Sunday, November 8, 2020

Earnest Money – How Much Earnest Money Do You Need?

Earnest Money is an amount of money used as a form of commitment by someone to show how serious they are about purchasing a home. It is also referred to as a good faith deposit.

In a situation where a buyer and seller enter into a contract, the seller has to take the home off the market, while the transaction moves through the entire process to closing. If the deal falls through, the seller is to relist the home and start all over again, which results in a big financial hit.

Earnest Money - How Much Earnest Money Do You Need?

Earnest money acts as a form of protection for the seller if the buyer happens to back out. This money is typically around 1% – 3% of the sale. Price and is being held in an escrow account until the deal is complete. If the deals click. The earnests money is applied to the buyer’s down payment or closing costs.

In a situation where the deal falls through because of a failure. A home inspection or any other contingencies that are listed in the contract. The buyer gets their earnests money back.

Why Pay Earnests Money?

Even though paying earnest money is not a requirement. It could be a necessity if you are shopping in a competitive real estate market. With earnest money, sellers tend to favor these good faith deposits. Because they want to ensure that the sale won’t fall through. Earnest money acts as added insurance for both the buyer and the seller in the transactions.

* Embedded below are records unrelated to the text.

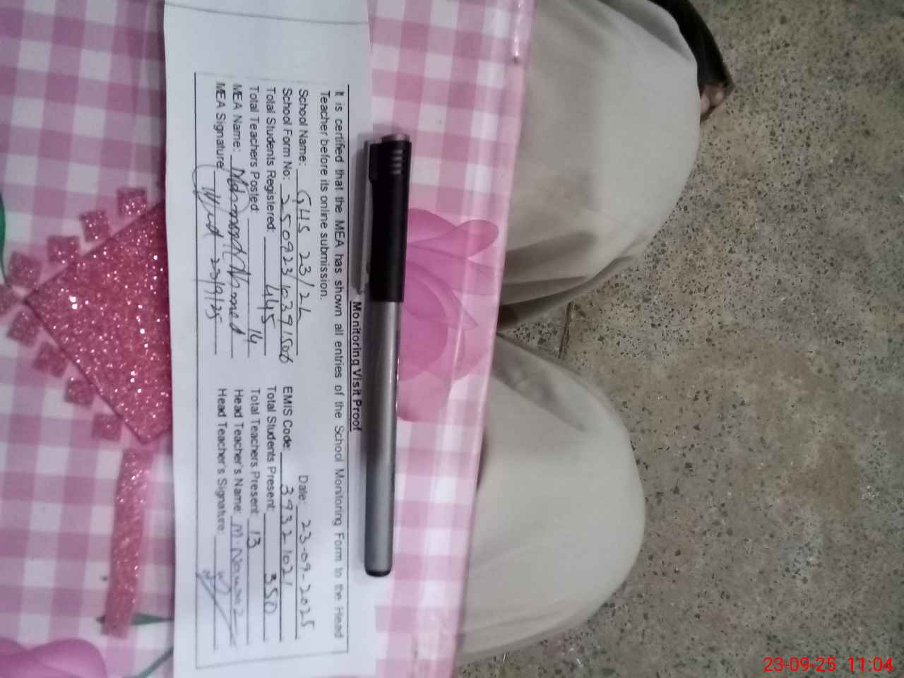 | Attendance Register | Head Teacher | MEA with School | Visit Proof |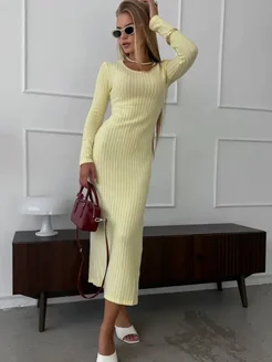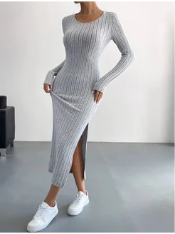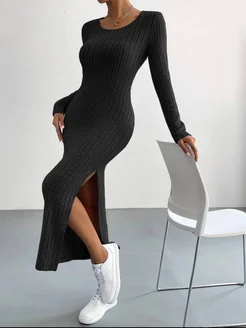 Трикотажное зимнее платье в рубчик с длинным рукавом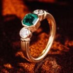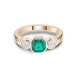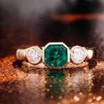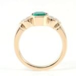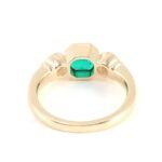 Experience unparalleled elegance with our Exquisite Yellow Gold Asscher Cut Lab Gemstone Three Ring. At its core lies a lab grown gemstone, masterfully cut in the Asscher style, celebrated for its geometric precision and exceptional clarity. The lush green of the gemstone commands attention, standing out against the warm glow of the yellow gold band.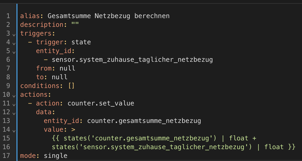 Ein Gedanke wäre noch, die Berechnung nur einmal z. B. 23:59Uhr oder so durchzuführen, dann hätte ich immer einen Tagesaktuellen Zählerstand. Das wollte ich aber erstmal nicht machen, sondern immer genau dann berechnen, wenn sich der Netzbezug oder Netzeinspeisung auch verändert.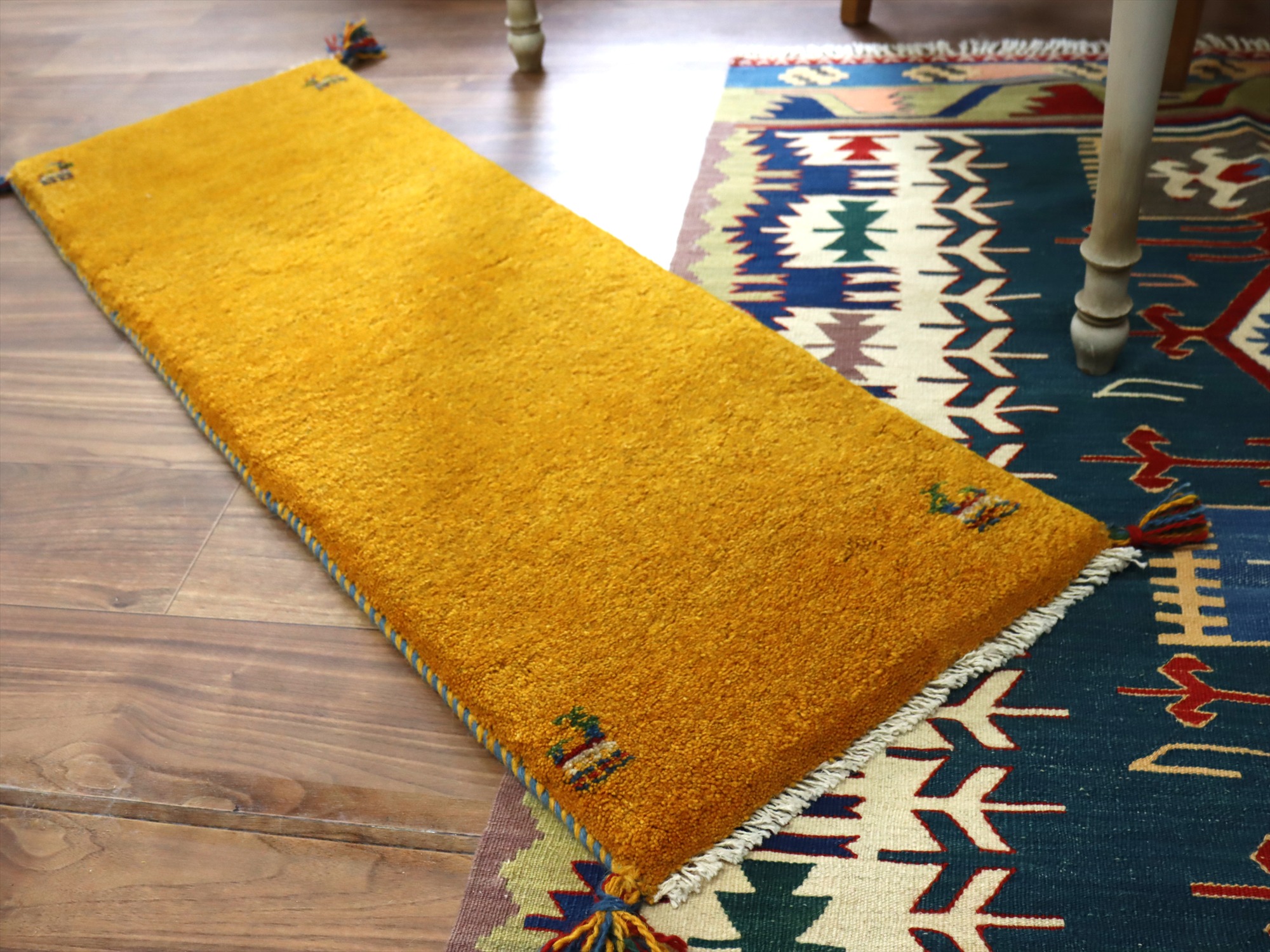 明るいイエローのグラデーションに、動物が入ったギャッベの定番デザイン。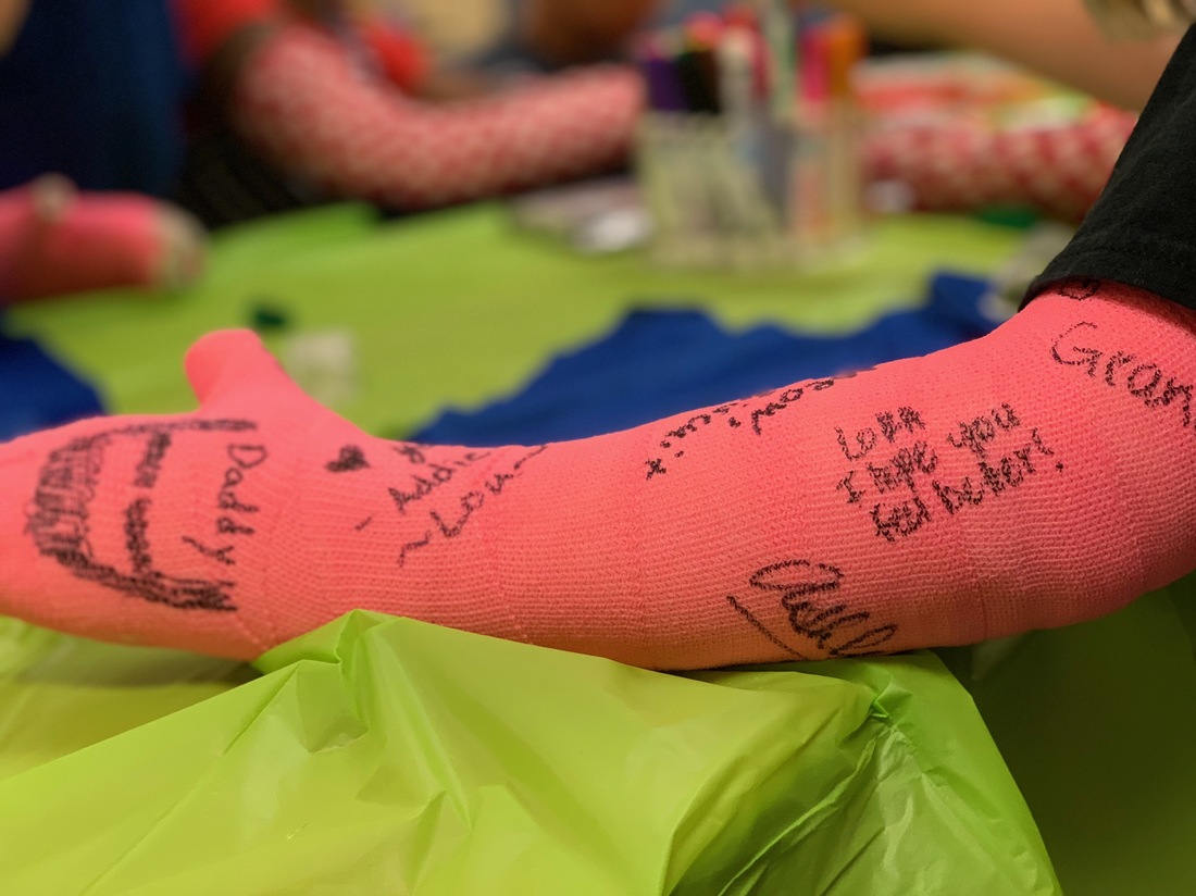 The kids’ temporary casts end in a mitten shape to minimize any wiggle room and attempts to rely on that stronger hand while at camp.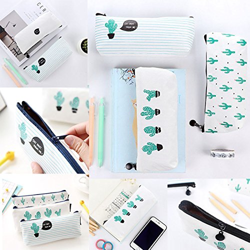 ITemer, astuccio per penne, portamonete o cancelleria, con cerniera, motivo cactus, confezione da 3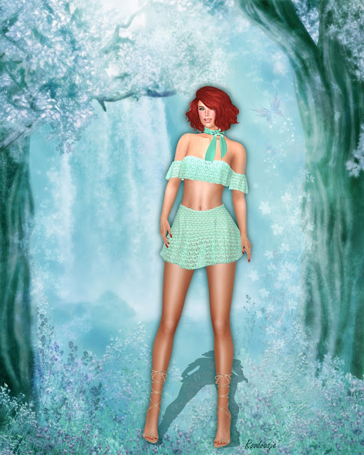 My next find are the delightful dresses SMESH has on offer at the Designer Circle. The cute green skirt & top & scarf outfit fits Maitreya, Belleza and Slink. It is just 120 L$.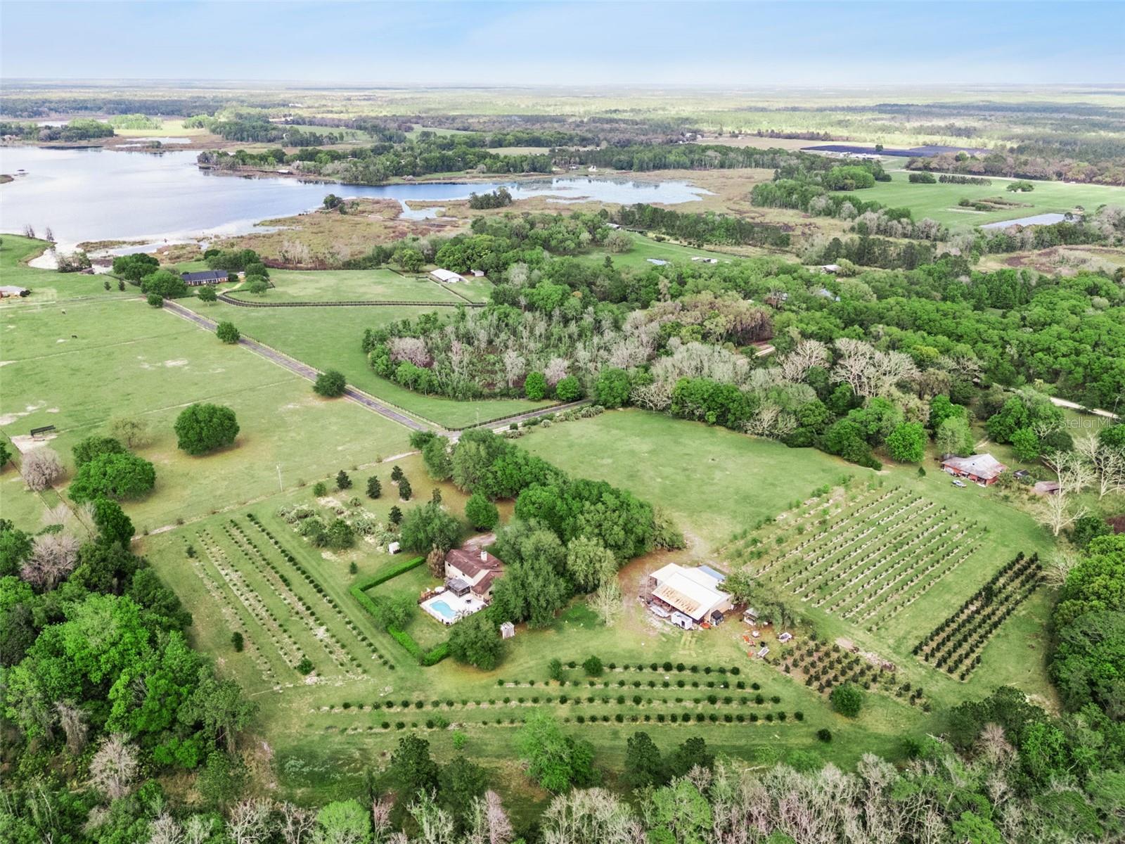 10.6± Acres with Updated 2-Story Brick Home, Pool, Workshop & Income-Producing Nursery. Exceptional opportunity to own a well-maintained home featuring 3 bedrooms, 2 bathrooms, and 2,388 sq ft of living space. The spacious 23x22 great room showcases soaring ceilings, a stunning fireplace, and custom poplar wood interior walls, creating a warm and inviting atmosphere. A 16x12 loft overlooks the great room and offers flexible space ideal for a guest room, office, or playroom. The 19x12 primary suite includes his-and-her closets, a custom-built shoe closet, a beautiful cedar accent wall, and a spiral staircase leading to a loft theater room. The 27x12 kitchen is equipped with solid poplar wood cabinetry, new quartz countertops, a large snack bar, closet pantry, and a dedicated dining area. Enjoy outdoor living from the screened porch overlooking a beautifully maintained yard and a recently renovated in-ground saltwater pool. The pool area is fully fenced and surrounded by lush landscaping for added privacy. Additional features include: 30x50 detached garage/workshop, Covered parking for boats, RVs, and equipment, Fenced pasture suitable for horses or cattle, Irrigation and security systems, The property also includes an operational nursery with over 700 ligustrum and magnolia trees, qualifying for an agricultural exemption and providing annual income. Major systems including roof, HVAC, and appliances are all less than 5 years old, reflecting the home's exceptional upkeep. This unique property offers the perfect blend of country living, functionality, and income potential. Please call to schedule your private showing today!
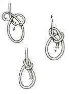 Esse nó em forma de oito. è o princípio de a maioria dos nós e se presta tanto na ponta da corda como na base dela. Para passar por uma ancoragem sem acesso e prendê-lo a qualquer ponto, para se fixar direto ao cinto. Serve também para emendas onde vais dar muita tração, facilitando assim sua soltura mais fácil. - Nove.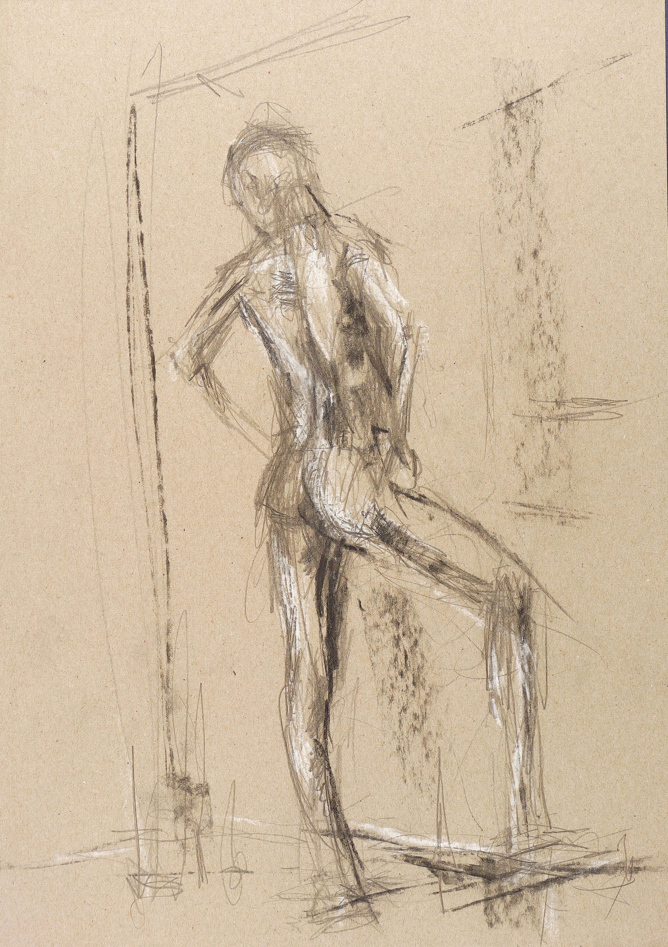 2011. Zeichnung / Kohle über Bleistift, partiell mit Pastellkreide weiß gehöht und gewischt, auf grauem Papier. – Originale Künstlergrafik, von Thomas Jastram. – Unikat. – 42,0 x 29,8 cm (Darstellung / Blatt).
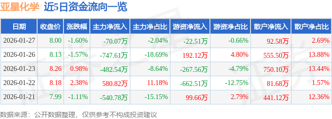 证券之星消息,截至2026年1月27日收盘,亚星化学(600319)报收于8.0元,下跌1.6%,换手率1.11%,成交量4.29万手,成交额3435.69万元。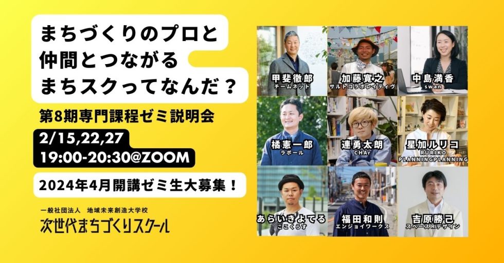 プロと仲間と❝つながる❞まちづくりスクールって何?-第8期専門課程ゼミ無料オンライン説明会-

How Much Earnest Money Do You Need?

You need 1-5% of the price that you and the seller agreed upon. On the other hand, it may also depend on a number of factors, mostly linked to where you are. Some markets require a fixed amount like $1,000 or $5,000, while in other communities, the focus is on the percentage.

How To Get Your Earnests Money Back

Earnest money comes with contingencies that protect both the seller and buyer in certain situations. If you make an offer on a home and the seller accepts, the sale is only finalized when contingencies or certain criteria are met. These contingencies are typically listed in the purchase agreement and cover the inspection, appraisal, and mortgage approval. They include:

Contingent on the appraisal

VA loans instantly protect a buyer’s earnest money in a situation where the appraised value comes in below the purchase offer. This protection is a part of every VA purchase loan.

Contingent on a home inspection

This is a contingency that allows you to walk away from a home with your earnest money if the inspection reveals unsatisfactory housing conditions.

Contingent on obtaining financing

With this contingency, you are assured that you get an earnest money refund if you do not receive proper financing in time.

Contingent on selling your current home

If you are unable to sell your house before closing on your new home, this contingency will enable you to walk away with your earnest money.

These contingencies have been developed to safeguard you from the unexpected, and you can also negotiate these conditions with the seller before you sign the contract.